__What you need to do__: Pull every line from the records that has the word "open" in it.

[Entries taken from a collection]
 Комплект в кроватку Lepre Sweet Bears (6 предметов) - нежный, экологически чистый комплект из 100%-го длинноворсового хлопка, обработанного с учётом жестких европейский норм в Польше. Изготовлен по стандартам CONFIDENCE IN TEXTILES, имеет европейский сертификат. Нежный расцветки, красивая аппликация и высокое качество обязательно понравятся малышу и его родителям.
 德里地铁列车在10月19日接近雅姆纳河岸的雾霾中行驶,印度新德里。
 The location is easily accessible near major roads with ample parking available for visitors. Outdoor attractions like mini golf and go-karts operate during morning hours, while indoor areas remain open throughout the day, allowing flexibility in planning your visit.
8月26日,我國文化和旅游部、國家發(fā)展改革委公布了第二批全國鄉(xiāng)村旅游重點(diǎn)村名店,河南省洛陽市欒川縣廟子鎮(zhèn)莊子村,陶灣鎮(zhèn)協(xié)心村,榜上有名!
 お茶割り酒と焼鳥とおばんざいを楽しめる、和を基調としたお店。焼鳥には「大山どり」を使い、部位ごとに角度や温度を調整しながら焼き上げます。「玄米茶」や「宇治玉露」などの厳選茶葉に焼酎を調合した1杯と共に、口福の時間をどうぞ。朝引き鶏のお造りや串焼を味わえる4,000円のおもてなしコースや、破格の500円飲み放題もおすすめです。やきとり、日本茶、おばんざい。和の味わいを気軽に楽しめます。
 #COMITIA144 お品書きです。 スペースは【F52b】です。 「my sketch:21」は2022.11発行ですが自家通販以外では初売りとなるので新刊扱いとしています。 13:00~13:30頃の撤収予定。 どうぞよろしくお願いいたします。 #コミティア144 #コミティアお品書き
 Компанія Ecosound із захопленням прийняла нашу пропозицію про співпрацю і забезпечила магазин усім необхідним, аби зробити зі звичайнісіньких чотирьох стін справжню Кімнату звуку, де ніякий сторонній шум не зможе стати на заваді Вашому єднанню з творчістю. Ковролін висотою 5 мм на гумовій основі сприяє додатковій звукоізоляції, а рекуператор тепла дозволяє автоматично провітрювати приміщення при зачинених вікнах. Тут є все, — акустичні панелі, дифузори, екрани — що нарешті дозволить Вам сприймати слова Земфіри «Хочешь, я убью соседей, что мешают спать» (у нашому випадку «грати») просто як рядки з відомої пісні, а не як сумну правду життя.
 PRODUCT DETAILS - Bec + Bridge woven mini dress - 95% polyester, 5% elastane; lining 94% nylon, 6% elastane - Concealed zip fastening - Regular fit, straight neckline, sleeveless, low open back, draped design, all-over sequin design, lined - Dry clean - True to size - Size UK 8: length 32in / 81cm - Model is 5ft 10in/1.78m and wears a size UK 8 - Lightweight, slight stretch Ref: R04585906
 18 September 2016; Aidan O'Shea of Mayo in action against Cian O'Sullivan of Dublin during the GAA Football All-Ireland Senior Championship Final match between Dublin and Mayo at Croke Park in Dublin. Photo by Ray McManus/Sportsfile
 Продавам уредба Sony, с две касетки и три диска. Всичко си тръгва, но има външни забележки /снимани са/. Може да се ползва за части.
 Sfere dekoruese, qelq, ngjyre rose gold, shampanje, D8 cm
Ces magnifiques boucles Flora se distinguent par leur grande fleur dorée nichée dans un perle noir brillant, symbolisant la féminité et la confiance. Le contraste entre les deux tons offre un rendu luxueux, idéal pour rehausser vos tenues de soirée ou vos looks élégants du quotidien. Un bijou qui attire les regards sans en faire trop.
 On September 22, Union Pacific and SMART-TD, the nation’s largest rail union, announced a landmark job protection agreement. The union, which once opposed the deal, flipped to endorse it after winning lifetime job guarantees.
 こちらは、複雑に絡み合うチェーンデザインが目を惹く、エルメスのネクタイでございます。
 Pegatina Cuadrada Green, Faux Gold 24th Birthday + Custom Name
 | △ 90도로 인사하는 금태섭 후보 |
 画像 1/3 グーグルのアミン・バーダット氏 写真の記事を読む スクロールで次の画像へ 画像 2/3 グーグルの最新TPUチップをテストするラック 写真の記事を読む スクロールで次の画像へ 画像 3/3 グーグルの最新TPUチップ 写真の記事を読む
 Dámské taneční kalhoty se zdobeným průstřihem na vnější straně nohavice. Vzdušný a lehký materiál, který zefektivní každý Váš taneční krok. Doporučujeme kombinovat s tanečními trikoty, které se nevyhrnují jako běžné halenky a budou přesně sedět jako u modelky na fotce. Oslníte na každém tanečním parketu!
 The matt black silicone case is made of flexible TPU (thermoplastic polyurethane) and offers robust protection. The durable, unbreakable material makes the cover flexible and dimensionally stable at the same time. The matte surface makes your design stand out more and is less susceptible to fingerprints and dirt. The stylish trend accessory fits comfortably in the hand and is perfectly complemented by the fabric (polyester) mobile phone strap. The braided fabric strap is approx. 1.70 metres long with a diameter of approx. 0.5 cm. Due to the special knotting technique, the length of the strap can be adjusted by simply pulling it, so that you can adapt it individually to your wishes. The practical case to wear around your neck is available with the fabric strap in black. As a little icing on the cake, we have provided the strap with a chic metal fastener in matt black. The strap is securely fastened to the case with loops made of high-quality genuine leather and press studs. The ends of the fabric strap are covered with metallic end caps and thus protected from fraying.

__Exercise response__:
 The location is easily accessible near major roads with ample parking available for visitors. Outdoor attractions like mini golf and go-karts operate during morning hours, while indoor areas remain open throughout the day, allowing flexibility in planning your visit.
 PRODUCT DETAILS - Bec + Bridge woven mini dress - 95% polyester, 5% elastane; lining 94% nylon, 6% elastane - Concealed zip fastening - Regular fit, straight neckline, sleeveless, low open back, draped design, all-over sequin design, lined - Dry clean - True to size - Size UK 8: length 32in / 81cm - Model is 5ft 10in/1.78m and wears a size UK 8 - Lightweight, slight stretch Ref: R04585906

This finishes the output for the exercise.